1. Maestro, sappiamo che sei veritiero. Farisei ed Erodiani si rivolgono a Gesù con una domanda-tranello, con un elogio gratuito e sperticato. Gesù però non si lascia cogliere di sorpresa, non si fida, perché sa bene che i complimenti sono come i funghi: i più belli sono i più velenosi. Pertanto si rivolge agli interlocutori chiamandoli “ipocriti”, e chiede loro di mostrare la moneta del tributo.
È chiaro che Gesù non aveva con sé la moneta, praticava la povertà realmente. Invece i suoi avversari facevano uso della moneta, perché tornava loro comodo; la portavano con sé anche nel recinto del tempio e non consideravano che l’immagine dell’imperatore offendeva la sacralità del luogo.
2. Rendete a Cesare. Di fronte alla domanda se è lecito “pagare” il tributo a Cesare, Gesù risponde con la parola “rendere”: rendere a ciascuno quello che gli appartiene. È troppo comodo rifiutarsi di pagare il tributo a Cesare e usare poi la sua moneta.
L’autorità, anche quando è rappresentata da persone indegne, garantisce l’ordine sociale voluto da Dio.
La risposta di Gesù ha una portata molto grande, perché separa il potere religioso dal potere politico; in nessuna religione è prevista questa separazione.
Lo Stato è laico per sua natura, è separato dalla religione e agisce in modo autonomo, però laicità o aconfessionalità non significano opposizione alla religione, ma riconoscimento che la sfera religiosa ha una valenza autonoma che va oltre il potere dello Stato.
Secondo la rivelazione biblica ogni uomo è sottoposto a un ordine molto più grande del potere politico.
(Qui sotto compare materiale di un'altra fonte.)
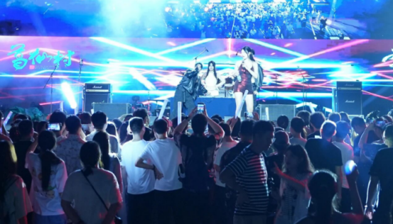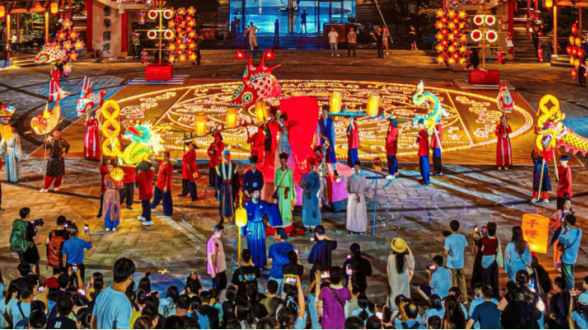 黄昏,一场狂欢便悄然启幕。星辰音乐会奏响,旋律从浅吟低唱到万人大合唱,晚风裹着歌声漫过山野,所有情绪都在此刻自由释放。接着,一场美轮美奂的行进式演出徐徐展开,火树银花,鱼龙夜舞,彷佛踏入宋朝上元的繁华盛景。火裙旋舞、火壶翻飞、火棍破空,比银幕特效更震撼,让人心潮澎湃。簪花巡演携春色而来,衣袂翩跹,满袖芬芳;财神巡游踏歌而至,福运与财气一路相随,把一整年的好兆头都带回家。

3. Rendete a Dio. Pur riconoscendo la legittimità del tributo imperiale, Gesù dichiara che comunque l’obbedienza maggiore va tributata solo a Dio, perché l’uomo è proprietà di Dio in quanto porta in sé la sua immagine, e Dio pretende quello che è suo, cioè l’uomo nella sua totalità.
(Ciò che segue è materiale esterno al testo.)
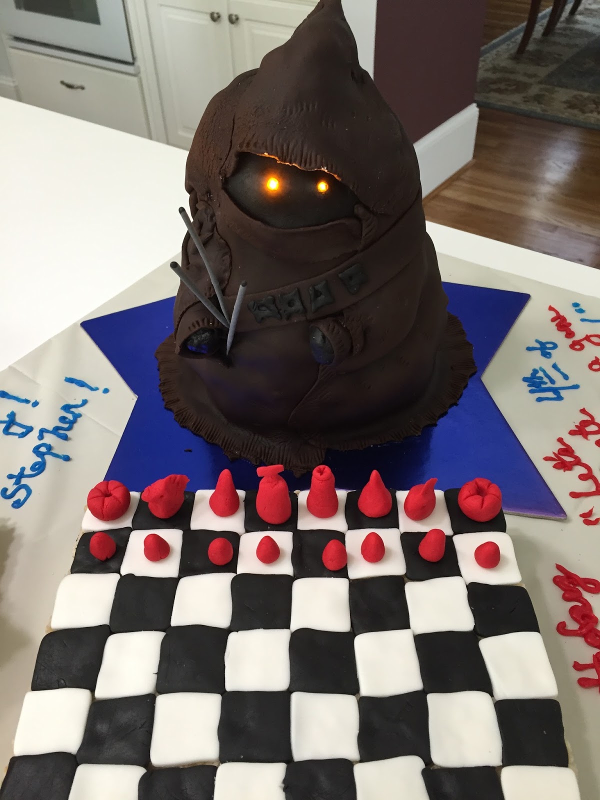 Since it was a birthday cake, the Jawa is holding 3 sparkler candles!

Gesù fa sua la dottrina del Primo Testamento e della cultura orientale in genere che considerava Dio padrone di tutto e l’uomo suo servo. L’uomo non costruisce da solo la sua personalità, come pretende di fare la filosofia stoica; se è lasciato solo con le sue forze diventa schiavo del peccato.
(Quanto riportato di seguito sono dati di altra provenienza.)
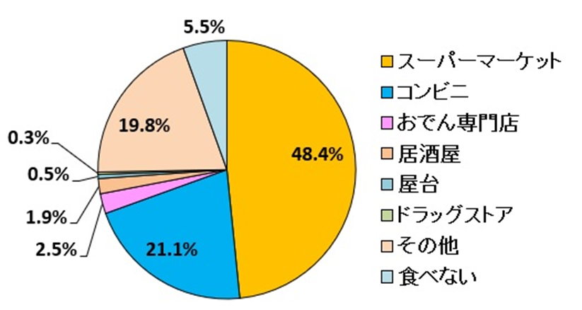 おでんを買うのは「スーパーマーケット」がほぼ半数

Sono liberi coloro che sono servi di Dio, e l’obbedienza prestata all’autorità è obbedienza prestata a Dio, è servizio reso a Dio.
Il considerare la libertà come mancanza totale di legami religiosi o sociali, favorisce il fanatismo e l’arbitrio. Mancanza di legami e arbitrio non sono la libertà, ma la sua distruzione.